◆ **Your assignment**: Transcribe the entries exactly; images are not part of the copy.

◆ **Material shown**:
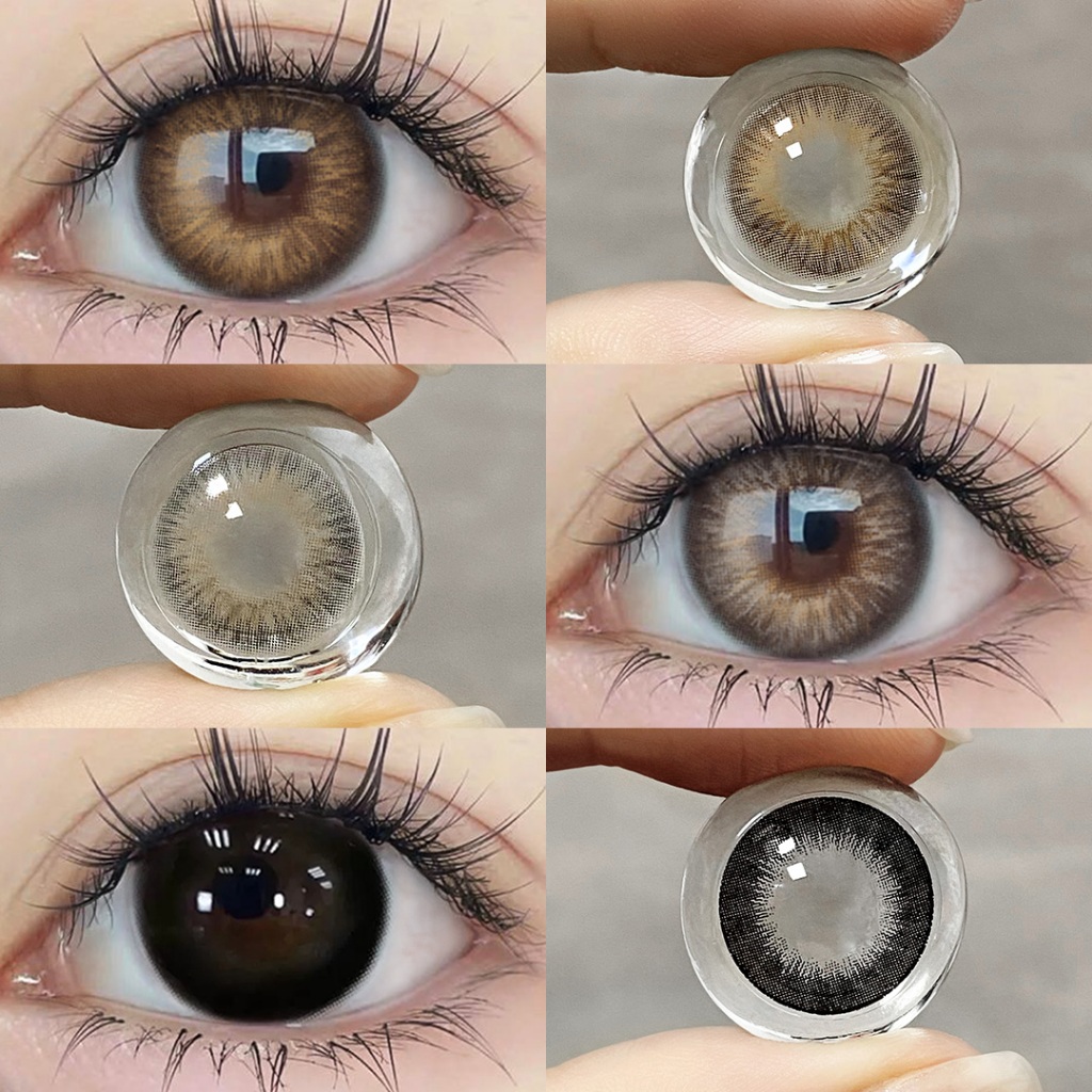 (0,00~ -6,00)Magister lente de contato colorida com grau 14.0mm Marrom/Cinza/Preto 2 Peças/Par Com Estojo De Lentes
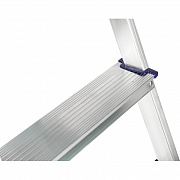 Стремянка изготовлена из высокопрочного алюминиевого профиля. Задняя и передняя нога соединены между собой. Рабочая площадка выполнена из оцинкованной стали. Ступени имеют рифлёную поверхность.
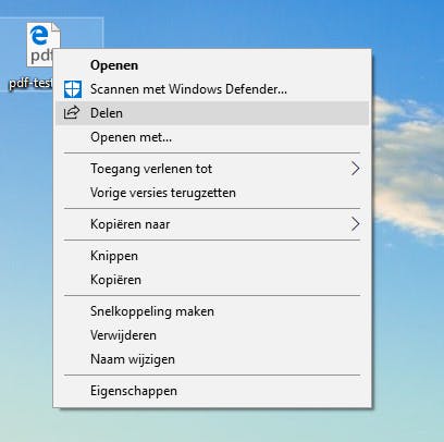 In de Windows Verkenner in Windows 10 Fall Creators Update is een nieuwe functie toegevoegd. Wanneer je met de rechtermuisknop op een bestand klikt, is daar een nieuwe optie bijgekomen: Delen.
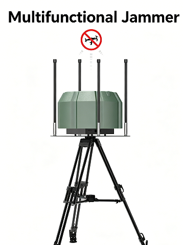 The 300MHz-6G Fixed UAV Signal Multi-Select Jamming Device is a high-performance integrated device capable of simultaneously performing signal detection and jamming. Utilizing advanced electronic and radio frequency technologies, it can monitor, detect, and effectively jam various frequency bands and signal types in real time. It integrates multiple functional modules, including signal reception, analysis, jamming, and positioning, enabling multiple UAV defense methods to be implemented on a single platform, improving ease of operation and effectiveness. The device's ingenious design allows for rapid identification and processing of signal threats from UAVs, effectively striking intrusion targets through precise jamming strategies.
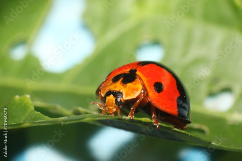 © TATCHAMALAI, Obraz premium Ladybug on a green leaf

◆ **Result for this task**:
 (0,00~ -6,00)Magister lente de contato colorida com grau 14.0mm Marrom/Cinza/Preto 2 Peças/Par Com Estojo De Lentes
 Стремянка изготовлена из высокопрочного алюминиевого профиля. Задняя и передняя нога соединены между собой. Рабочая площадка выполнена из оцинкованной стали. Ступени имеют рифлёную поверхность.
 In de Windows Verkenner in Windows 10 Fall Creators Update is een nieuwe functie toegevoegd. Wanneer je met de rechtermuisknop op een bestand klikt, is daar een nieuwe optie bijgekomen: Delen.
 The 300MHz-6G Fixed UAV Signal Multi-Select Jamming Device is a high-performance integrated device capable of simultaneously performing signal detection and jamming. Utilizing advanced electronic and radio frequency technologies, it can monitor, detect, and effectively jam various frequency bands and signal types in real time. It integrates multiple functional modules, including signal reception, analysis, jamming, and positioning, enabling multiple UAV defense methods to be implemented on a single platform, improving ease of operation and effectiveness. The device's ingenious design allows for rapid identification and processing of signal threats from UAVs, effectively striking intrusion targets through precise jamming strategies.
 © TATCHAMALAI, Obraz premium Ladybug on a green leaf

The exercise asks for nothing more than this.